This 4-Week Boxing Challenge Packs the Punch Your Workout Routine Needs

This 4-Week Boxing Challenge Packs the Punch Your Workout Routine Needs

Just like Rocky Balboa, you too can go from zero to hero with our 4-week boxing challenge—prepare to train, sweat, and succeed thanks to a program designed to get beginners ready to rumble.

Our host Bobbie Jo Davis, CPT, trainer for Rumble Boxing, will guide you through everything you need to know to jab, cross, and hook like a pro.

“I designed the program with everybody in mind,” Davis says. “From someone who has never thrown a punch before in their life, maybe brand new to fitness, to someone who’s a bit more advanced and can come to this and hone in on boxing while getting a great sweat.”


Experts In This Article

  • Bobbie Jo Davis, CPT, NASM-certified personal trainer, coach at Rumble Boxing in NYC, and Nike trainer

And everything can be done either with or without a bag (though you will need a set of dumbbells for a few of the workouts).

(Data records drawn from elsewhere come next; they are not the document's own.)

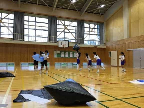 体育館で,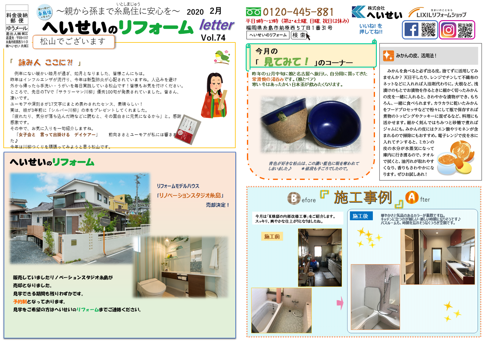 過去のリフォームletterはこちらから:へいせいのリフォームホームページへ移動します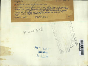 There's no fire, Paul Savelief bought a 27 year old pump for $305 to water his Gladioli which he raise for a hobby on his eight acre plot. It is the old engine of two of the South Milwaukee Fire Department Engine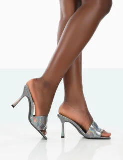 Roxie Silver Metallic Asymmetric Strap Square Toe Stiletto Heels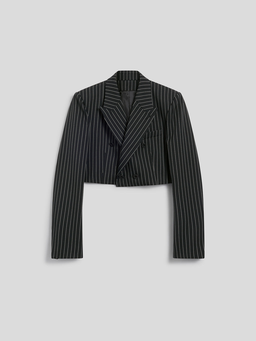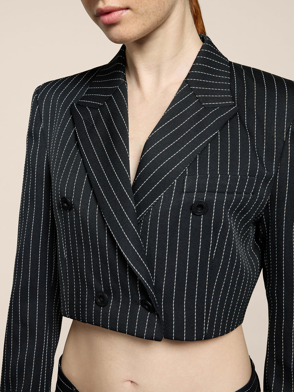 SPENCER DA DONNA DOPPIOPETTO REVERS LANCIA,GESSATO FONDO NERO RIGA BIANCA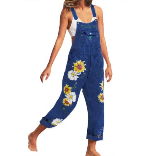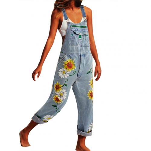 Sunflower Print Women's Fashion Denim Dungarees, Women's Denim Cropped Overalls, Harem Pants, Jeans, Jumpsuits, Large.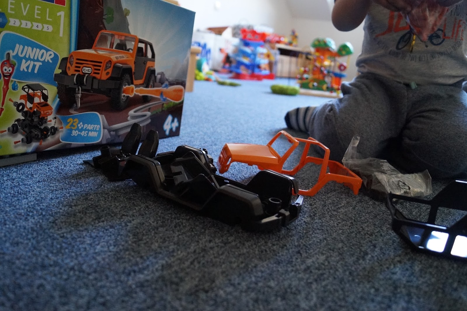 Die Junior Kit Reihe passt also perfekt und dann dreht sich dabei auch noch alles um Autos. Da schlägt das Herzchen vom Mini Chef höher. Und meins auch, denn ick habe es schon erwähnt: Zusammenbauen ist für mich wie Yoga. Ick brauche nur ne klare Anleitung und dann läuft dit. Die klare Anleitung liegt den Junior Kit Produkten natürlich bei. Außerdem gibt es ein zum Patent angemeldetes Schrauben-System, das ein Zusammenbau ganz ohne Kraftaufwand ermöglicht. Und wat soll ick sagen? Die Sets sind super. Der Mini Chef hat sich alles angeguckt, und fing mal direkt anzubauen. Ohne Anleitung. Ick dann so „Stoooopppppp. Erstmal gucken wie das geht!“ Kinder wissen aber was sie tun und man sollte sie nicht unterschätzen, denn der Mini Chef hat mal eben rucki zucki losgelegt.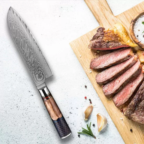 Dieses Damast-Santoku-Messer ist etwas ganz Besonderes – dieses Santoku-Messer ist einzigartig und wird dank seines auffälligen, blau gefärbten Holzgriffs ein Blickfang in Ihrer Küche sein. Das Santoku-Messer ist nicht nur scharf, sondern auch robust und langlebig.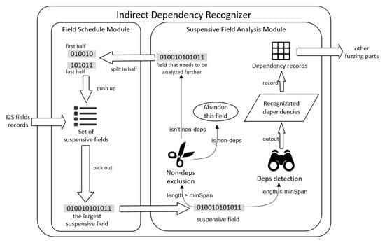 In Indirect Dependency Recognizer, after obtaining the output from I2S Recognizer, the Field Scheduling module collects all the fields that have not yet recognized dependencies and schedules these suspensive fields in a half-interval manner. The Suspensive Field Analysis module performs the Non-deps exclusion method on long fields to identify and exclude the non-deps fields and the Deps detection method on short fields to recognize indirect dependencies.

Below, Davis has outlined a monthlong boxing program as part of our Movement of the Month Club for August 2024. It’s designed to introduce you to the fundamentals of boxing, and then progressively build your skills and confidence. We start on Monday, August 5.

By the end of the month, you’ll have the tools and techniques of a seasoned boxer. Whether you’re shadow boxing or punching a bag, get ready to feel the thrill of the fight and see real results.

“I’m hoping everyone will come through of this feeling more confident in themselves and their ability to move,” Davis says.

Join us for the benefits of boxing

The benefits of boxing go beyond the cathartic feeling of throwing punches; it’s a cardio and strength workout that benefits both body and mind.

“Boxing is one of the best workouts dynamically in the sense that you are moving in so many different ways,” Davis says. “From throwing quick jabs, to power uppercuts, ducking and weaving with defense, it’s a surefire way to hike up your heart rate and leave you feeling sweaty and powerful.”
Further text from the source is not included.